AKU CINTA OM SAGA

AKU CINTA OM SAGA
Salah Terka


__ADS_3

Saga tak bisa berkata apa-apa setelah melihat sosok gadis yang mengaku anak dari Bramanto dan akan menjadi calon tunangannya adalah orang yang berbeda dari harapannya saat itu. Dirinya menyadari kalau saat itu dirinya sudah salah terka tentang semua yang terjadi.


Saga tidak mungkin berbicara jujur kepada Pak Bramanto kalau dirinya sudah salah paham dan tidak mau meneruskan tentang rencana pertunangan ini. Dirinya juga tidak mungkin berbicara dari awal tentang Saga yang sengaja mendekati pak bram serta menyuruh Pak Wijaya untuk membatalkan perjodohan anak mereka hanya karena sebuah kesalahan informasi yang dia dapat dari Pak Wijaya sendiri.
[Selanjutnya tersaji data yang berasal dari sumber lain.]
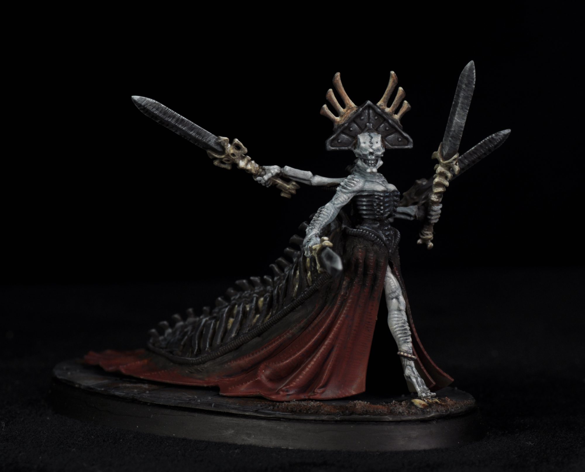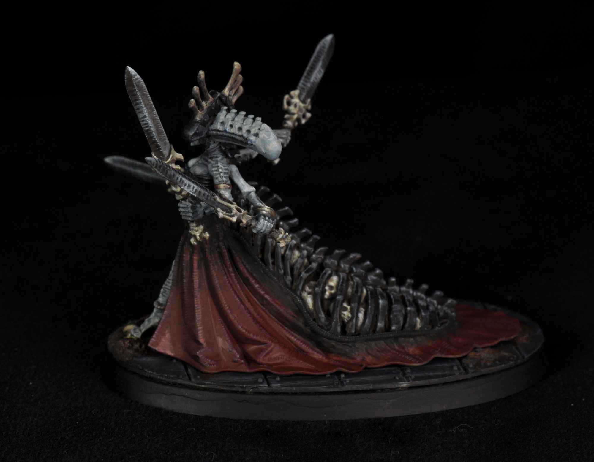 This one is another project for an Instagram contest, this one hosted by @totally_not_panicking (another pro-follow for their staggering amount of kitbashing). I based this build on Yvraine. The idea was some kind of biomechanical cult matriarch, along the lines of genestealer cults. At some point I may fill out the war band with GSC neophytes kit bashed with skeleton warriors. It was something that has been in the back of my head for a while. Seeing some other kitbashes of Yvraine in a blanchitsu style brought my attention to the regular segmented lines on her that reminded me of H.R. Giger's work. With this I wanted to push that effect to the max. Using bits from the Bonereapers range and some skeletons parts helped to amplify the effect. Greenstuff was also used to build out the back of the head and to add ridges crossing the lines to make them look more biological than Aeldari decoration.

Saga mengingat lagi saat dirinya berbicara dengan Pak Wijaya melalui sambungan telepon, kalau dirinya diberikan informasi bahwa Pak Bram hanya mempunyai satu anak perempuan, namun Pak Wijaya juga tidak menjelaskan nama anak perempuan yang dia maksud karena Saga juga tidak bertanya terlalu jauh tentang informasi mengenai anak Bramanto.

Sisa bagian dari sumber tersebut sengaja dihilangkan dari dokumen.